Activity of potential hits against a set of P. aeruginosa strains from CF patients.
One of the hallmarks of P. aeruginosa is its highly dynamic genome. Specifically, the nutritionally restricted niche of the CF lung appears to be a key evolutionary force shaping the P. aeruginosa genome, as indicated by the genome plasticity of individual strains (22). This heterogeneity among strains makes it necessary that a new potential antimicrobial be tested for its activity against a set of diverse and clinically relevant isolates. In this regard, the antibacterial activity of the 14 hit candidates was confirmed and evaluated in more detail by assessing MIC and minimal bactericidal concentration (MBC) values against the RP73 strain and 10 additional P. aeruginosa strains recently isolated from CF patients and chosen for their virulence and antibiotic resistance traits (Tables S2 and S3). The lowest concentrations of the compound capable of inhibiting the growth of 50% and 90% of the tested strains (MIC50 and MIC90, respectively) or at which no bacterial growth is evident (MBC50 and MBC90, respectively) were calculated to compare the activities of different drugs, and the results are summarized in Fig. 3 and 4.
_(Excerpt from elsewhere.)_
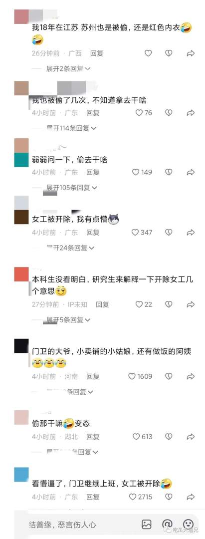 然而,令这名女工感到心寒的是,报警当天她却被工地以正常裁员为由辞退了。而偷内衣的男门卫却安然无恙,仍在正常上班。

Auranofin was the most active hit (MIC50, 0.025 mM; MIC90, 0.1 mM), followed by 5-fluorouracil (MIC50, 0.025 mM; MIC90, 0.2 mM), tirapazamine (MIC50, 0.05 mM; MIC90, 0.2 mM), carmofur and RRx-001 (MIC50, 0.1 mM; MIC90, 0.2 mM) (Fig. 3). Auranofin, carmofur, and RRx-001 showed MICs of ≤0.1 mM against all MDR strains (MG3871, CA3983, SM3483, VA3949, RP73), suggesting that the development of cross-resistance with the antibiotics is unlikely to occur. On the other hand, 5-fluorouracil showed high activity against strains classified as strong producers of pyocyanin, pyoverdine, and protease (BA3671, BJ3525, FM3986, NF3975, MG3871) (Fig. 3). Resveratrol, panobinostat, bithionol, and sulforaphane were the least active, showing MIC50s and MIC90s of >0.2 mM.
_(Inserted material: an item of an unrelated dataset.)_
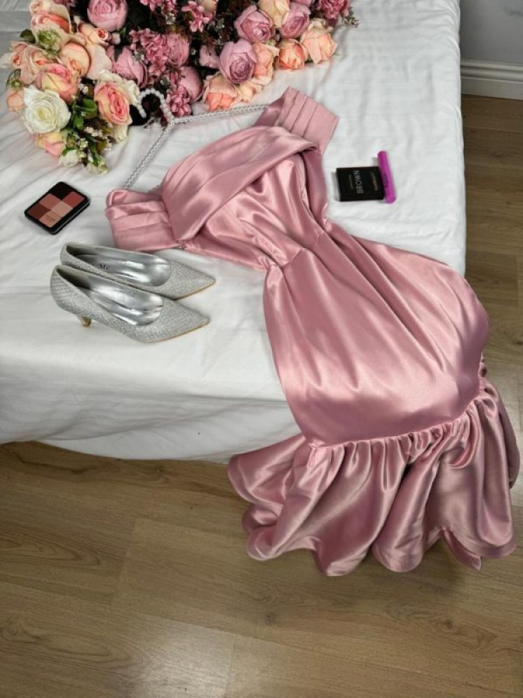 - اسم المنتج: فستان سهرة ميدي ناعم لحمي

MBC50 values did not allow comparative analysis since they were less variable, ranging from 0.2 to >0.2 mM, while the MBC90 was always higher than 0.2 mM (Fig. 4). An antimicrobial compound is typically considered bactericidal if the MBC does not exceed 4× MIC (23). Considering the measurable MBC/MIC ratio values, it was possible to infer that RRx-001 exerts bactericidal activity against most strains tested (9 out of 11), followed by ebselen (6 out of 11), tirapazamine (5 out of 11), carmofur (4 out of 11), auranofin (3 out of 11), and 5-fluorouracil (2 out of 11). No bactericidal effect could be observed for other hits due to a ratio of >4 or out-of-range MBC values.
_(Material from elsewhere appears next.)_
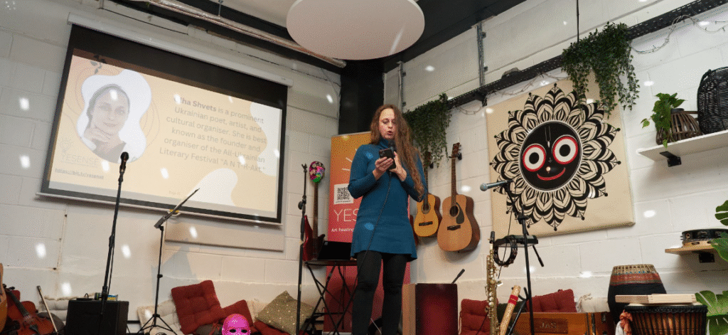 Beyond the musical performances, the evening was enriched by the powerful poetry readings of Olha Shvets and Svyatozar Shvets whose words wove a narrative of resilience, beauty, and human connection.

No correlation could be proved between the sensitivity of the tested strains to the hit compounds and the presence of the antibiotic resistance genes or infection statuses (Table S2). Interestingly, RP73 was the most susceptible strain among those tested, thus highlighting the importance of confirming the activity of a potential hit against a comprehensive set of strains. Further work is warranted to explore the mechanisms underlying the strain-specific activity seen among the hits, including the target of the compounds.
Cytotoxic potential.
Repurposing existing drugs offers the advantage of known pharmacokinetic profiles and safety. However, for novel applications, the cytotoxic effects of these compounds are still to be investigated. Considering a potential therapeutic application of the 14 hits selected from the primary antibacterial screening, we examined their possible cytotoxic effect on IB3-1 bronchial epithelial cells isolated from a pediatric CF patient using an MTS [3-(4,5-dimethylthiazol-2-yl)-5-(3-carboxymethoxyphenyl)-2-(4-sulfophenyl)-2H-tetrazolium]-based colorimetric assay.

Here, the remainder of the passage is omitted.